Writing the evaluation code as a callback is a bad idea because you will have to implement the reduction and gather operations from all the processes yourself. This is already done for you in metrics. Have a look on how to implement your own metrics.

from torchmetrics import Metric

class MyAccuracy(Metric):
    def __init__(self):
        super().__init__()
        self.add_state("correct", default=torch.tensor(0), dist_reduce_fx="sum")
        self.add_state("total", default=torch.tensor(0), dist_reduce_fx="sum")

    def update(self, preds: torch.Tensor, target: torch.Tensor):
        preds, target = self._input_format(preds, target)
        assert preds.shape == target.shape

        self.correct += torch.sum(preds == target)
        self.total += target.numel()

    def compute(self):
        return self.correct.float() / self.total

The MyAccuracy class inherits from the Metric class which implements the add_state method that manages the synchronization between processes for you.
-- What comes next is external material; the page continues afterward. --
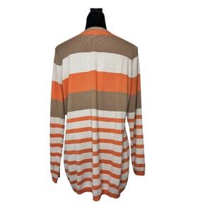 Keywords: Cyrus cardigan, striped knit sweater, orange neutral cardigan

This is quite useful since you don’t have to rewrite it and you are sure that it works with lightning.

The sample accuracy class you’ve given only works with one process. If launched in a distributed environment (and depending on which distributed implementation) what will most likely happen is you will get multiple instances of your callback that do not talk to each other. So the metrics calculated on other gpus are not taken into account.

So NO don’t use callbacks to calculate the metrics.

If you want to decouple the evaluation code from the model code (which is a great design pattern and how you actually should do it), create your own metric classes (use add_state to synchronise your metrics) and pass these classes as parameters to your model. This is also known as dependency injection if you want to read more about it.

Also, as @Yoni_Moskovich noted, you should be mindful of what you return in the validation step. You should only return light objects like losses or metrics. You are returning ground truth and prediction objects. In the case of images this can quickly fill up your memory since they are saved until on_validation_end step. If you want to save them for later visualization use a logger like tensorboard or store them directly to disk.

MS